Task prompt
From the line containing "Das Herz im" down to the line containing "會(huì)上,俞云金同志就", copy out the entries below exactly, both lines included, and nothing else; pictures do not belong in the copy.

Listed records
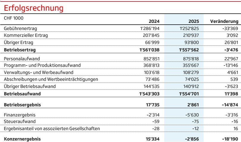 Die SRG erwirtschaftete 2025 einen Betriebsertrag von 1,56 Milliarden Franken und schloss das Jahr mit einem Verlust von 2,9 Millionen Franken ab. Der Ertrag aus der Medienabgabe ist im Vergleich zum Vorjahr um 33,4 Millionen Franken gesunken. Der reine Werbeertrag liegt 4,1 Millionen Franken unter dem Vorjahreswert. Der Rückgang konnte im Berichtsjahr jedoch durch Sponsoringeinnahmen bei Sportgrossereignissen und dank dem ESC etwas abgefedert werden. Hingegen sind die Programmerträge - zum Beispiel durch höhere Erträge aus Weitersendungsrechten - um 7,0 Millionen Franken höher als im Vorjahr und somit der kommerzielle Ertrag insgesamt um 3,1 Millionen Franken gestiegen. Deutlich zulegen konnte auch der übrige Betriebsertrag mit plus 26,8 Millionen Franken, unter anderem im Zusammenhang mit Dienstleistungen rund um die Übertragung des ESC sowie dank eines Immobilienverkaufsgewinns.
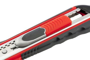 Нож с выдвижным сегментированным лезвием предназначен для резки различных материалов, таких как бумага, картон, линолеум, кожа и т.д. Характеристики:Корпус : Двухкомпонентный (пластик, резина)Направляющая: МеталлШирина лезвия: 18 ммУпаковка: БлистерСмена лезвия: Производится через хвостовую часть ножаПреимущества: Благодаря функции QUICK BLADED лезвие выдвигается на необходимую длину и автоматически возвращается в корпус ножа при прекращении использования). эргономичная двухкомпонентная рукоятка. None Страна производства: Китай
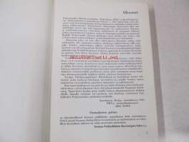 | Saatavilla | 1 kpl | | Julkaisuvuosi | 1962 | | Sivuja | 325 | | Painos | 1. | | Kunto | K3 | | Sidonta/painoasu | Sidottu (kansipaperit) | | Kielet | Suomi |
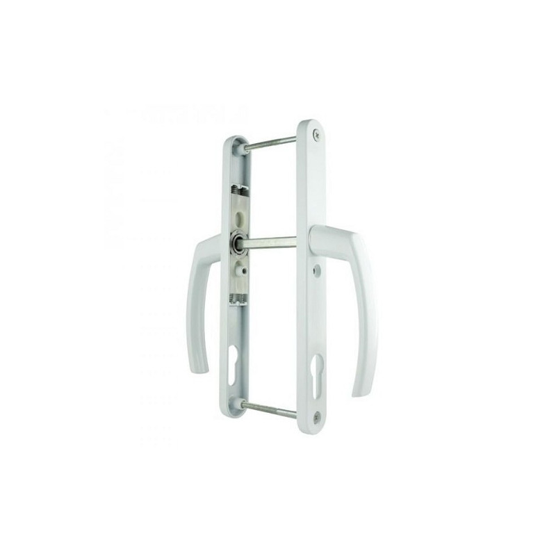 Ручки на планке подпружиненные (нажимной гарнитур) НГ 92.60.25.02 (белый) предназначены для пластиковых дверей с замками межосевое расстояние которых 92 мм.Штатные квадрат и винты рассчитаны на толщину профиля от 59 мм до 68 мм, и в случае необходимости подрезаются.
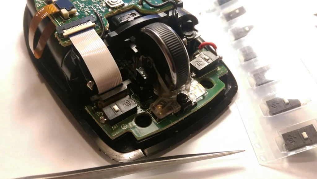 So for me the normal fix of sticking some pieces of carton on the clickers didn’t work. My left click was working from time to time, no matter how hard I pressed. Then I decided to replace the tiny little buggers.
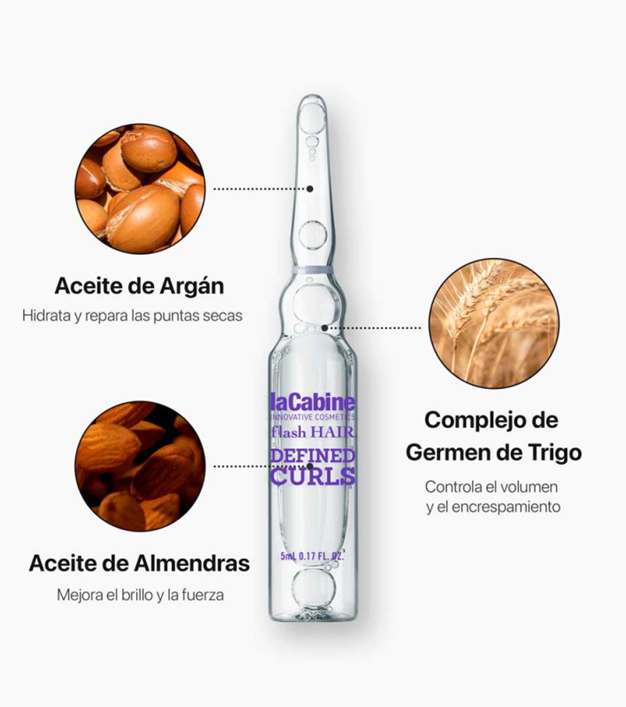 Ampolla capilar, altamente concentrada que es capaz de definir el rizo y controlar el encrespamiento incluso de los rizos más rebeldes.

---

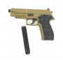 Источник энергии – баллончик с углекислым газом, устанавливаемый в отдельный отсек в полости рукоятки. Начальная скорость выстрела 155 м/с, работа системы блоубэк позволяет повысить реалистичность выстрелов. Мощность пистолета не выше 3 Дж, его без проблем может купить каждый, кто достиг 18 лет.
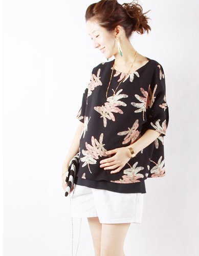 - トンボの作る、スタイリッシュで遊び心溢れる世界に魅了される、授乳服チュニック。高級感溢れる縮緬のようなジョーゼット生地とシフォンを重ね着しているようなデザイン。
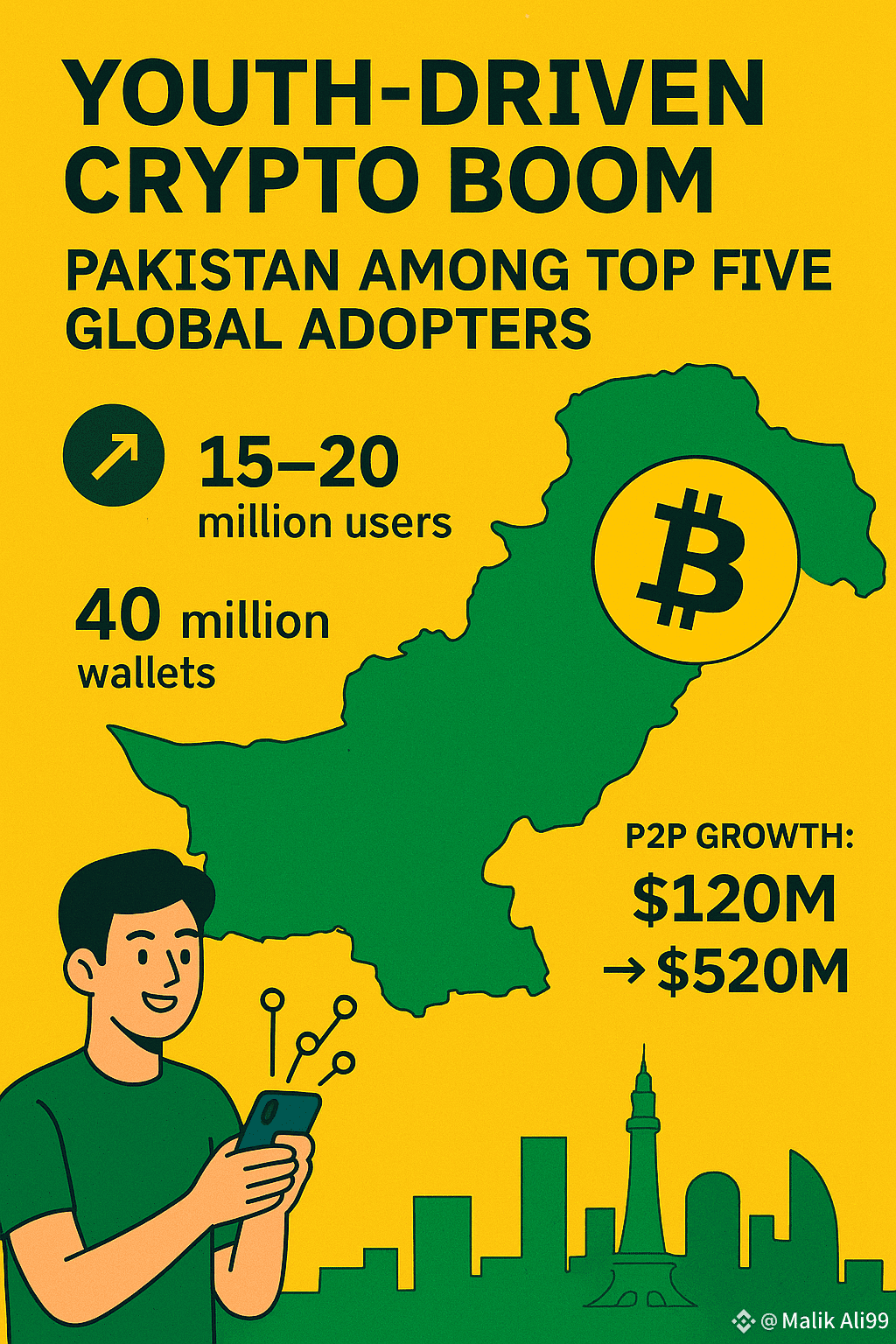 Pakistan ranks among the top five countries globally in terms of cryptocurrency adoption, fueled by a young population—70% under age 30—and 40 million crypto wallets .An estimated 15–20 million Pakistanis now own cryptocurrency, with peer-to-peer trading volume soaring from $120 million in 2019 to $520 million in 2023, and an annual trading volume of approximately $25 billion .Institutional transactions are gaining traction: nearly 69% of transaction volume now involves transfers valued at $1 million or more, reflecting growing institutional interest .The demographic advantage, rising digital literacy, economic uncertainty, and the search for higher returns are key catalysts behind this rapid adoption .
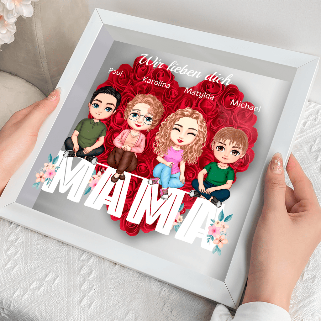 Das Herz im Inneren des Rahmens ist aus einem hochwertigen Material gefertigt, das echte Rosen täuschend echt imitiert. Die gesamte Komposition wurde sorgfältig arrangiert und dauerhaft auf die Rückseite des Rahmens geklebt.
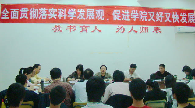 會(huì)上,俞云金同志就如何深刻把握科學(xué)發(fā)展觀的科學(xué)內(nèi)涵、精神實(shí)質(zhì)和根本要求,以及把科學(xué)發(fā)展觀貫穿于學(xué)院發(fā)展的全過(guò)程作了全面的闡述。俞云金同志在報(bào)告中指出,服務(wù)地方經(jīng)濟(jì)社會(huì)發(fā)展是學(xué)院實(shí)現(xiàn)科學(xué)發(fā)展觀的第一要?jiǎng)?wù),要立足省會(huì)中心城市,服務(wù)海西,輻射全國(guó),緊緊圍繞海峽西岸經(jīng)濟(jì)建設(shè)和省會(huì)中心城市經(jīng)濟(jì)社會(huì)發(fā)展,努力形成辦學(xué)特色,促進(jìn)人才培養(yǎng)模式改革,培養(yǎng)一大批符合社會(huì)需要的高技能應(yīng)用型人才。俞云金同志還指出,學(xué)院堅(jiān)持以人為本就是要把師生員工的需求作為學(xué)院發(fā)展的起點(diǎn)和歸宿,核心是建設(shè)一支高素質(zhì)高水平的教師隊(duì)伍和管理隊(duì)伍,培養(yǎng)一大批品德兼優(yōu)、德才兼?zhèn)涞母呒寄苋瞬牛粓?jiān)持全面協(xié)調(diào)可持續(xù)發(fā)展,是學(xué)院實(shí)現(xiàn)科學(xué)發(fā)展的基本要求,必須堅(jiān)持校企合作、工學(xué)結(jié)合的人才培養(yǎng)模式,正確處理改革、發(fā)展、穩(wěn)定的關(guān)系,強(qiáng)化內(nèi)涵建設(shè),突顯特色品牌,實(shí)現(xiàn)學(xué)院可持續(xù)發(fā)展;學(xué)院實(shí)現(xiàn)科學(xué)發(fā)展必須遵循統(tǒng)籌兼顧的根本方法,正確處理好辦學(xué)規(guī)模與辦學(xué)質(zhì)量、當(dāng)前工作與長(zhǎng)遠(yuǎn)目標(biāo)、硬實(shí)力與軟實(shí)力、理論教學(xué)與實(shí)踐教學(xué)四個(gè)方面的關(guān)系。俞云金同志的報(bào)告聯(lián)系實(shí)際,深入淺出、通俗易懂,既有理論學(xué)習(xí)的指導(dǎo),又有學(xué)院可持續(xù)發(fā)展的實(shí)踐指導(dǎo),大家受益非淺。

Problem solution
 Das Herz im Inneren des Rahmens ist aus einem hochwertigen Material gefertigt, das echte Rosen täuschend echt imitiert. Die gesamte Komposition wurde sorgfältig arrangiert und dauerhaft auf die Rückseite des Rahmens geklebt.
 會(huì)上,俞云金同志就如何深刻把握科學(xué)發(fā)展觀的科學(xué)內(nèi)涵、精神實(shí)質(zhì)和根本要求,以及把科學(xué)發(fā)展觀貫穿于學(xué)院發(fā)展的全過(guò)程作了全面的闡述。俞云金同志在報(bào)告中指出,服務(wù)地方經(jīng)濟(jì)社會(huì)發(fā)展是學(xué)院實(shí)現(xiàn)科學(xué)發(fā)展觀的第一要?jiǎng)?wù),要立足省會(huì)中心城市,服務(wù)海西,輻射全國(guó),緊緊圍繞海峽西岸經(jīng)濟(jì)建設(shè)和省會(huì)中心城市經(jīng)濟(jì)社會(huì)發(fā)展,努力形成辦學(xué)特色,促進(jìn)人才培養(yǎng)模式改革,培養(yǎng)一大批符合社會(huì)需要的高技能應(yīng)用型人才。俞云金同志還指出,學(xué)院堅(jiān)持以人為本就是要把師生員工的需求作為學(xué)院發(fā)展的起點(diǎn)和歸宿,核心是建設(shè)一支高素質(zhì)高水平的教師隊(duì)伍和管理隊(duì)伍,培養(yǎng)一大批品德兼優(yōu)、德才兼?zhèn)涞母呒寄苋瞬牛粓?jiān)持全面協(xié)調(diào)可持續(xù)發(fā)展,是學(xué)院實(shí)現(xiàn)科學(xué)發(fā)展的基本要求,必須堅(jiān)持校企合作、工學(xué)結(jié)合的人才培養(yǎng)模式,正確處理改革、發(fā)展、穩(wěn)定的關(guān)系,強(qiáng)化內(nèi)涵建設(shè),突顯特色品牌,實(shí)現(xiàn)學(xué)院可持續(xù)發(fā)展;學(xué)院實(shí)現(xiàn)科學(xué)發(fā)展必須遵循統(tǒng)籌兼顧的根本方法,正確處理好辦學(xué)規(guī)模與辦學(xué)質(zhì)量、當(dāng)前工作與長(zhǎng)遠(yuǎn)目標(biāo)、硬實(shí)力與軟實(shí)力、理論教學(xué)與實(shí)踐教學(xué)四個(gè)方面的關(guān)系。俞云金同志的報(bào)告聯(lián)系實(shí)際,深入淺出、通俗易懂,既有理論學(xué)習(xí)的指導(dǎo),又有學(xué)院可持續(xù)發(fā)展的實(shí)踐指導(dǎo),大家受益非淺。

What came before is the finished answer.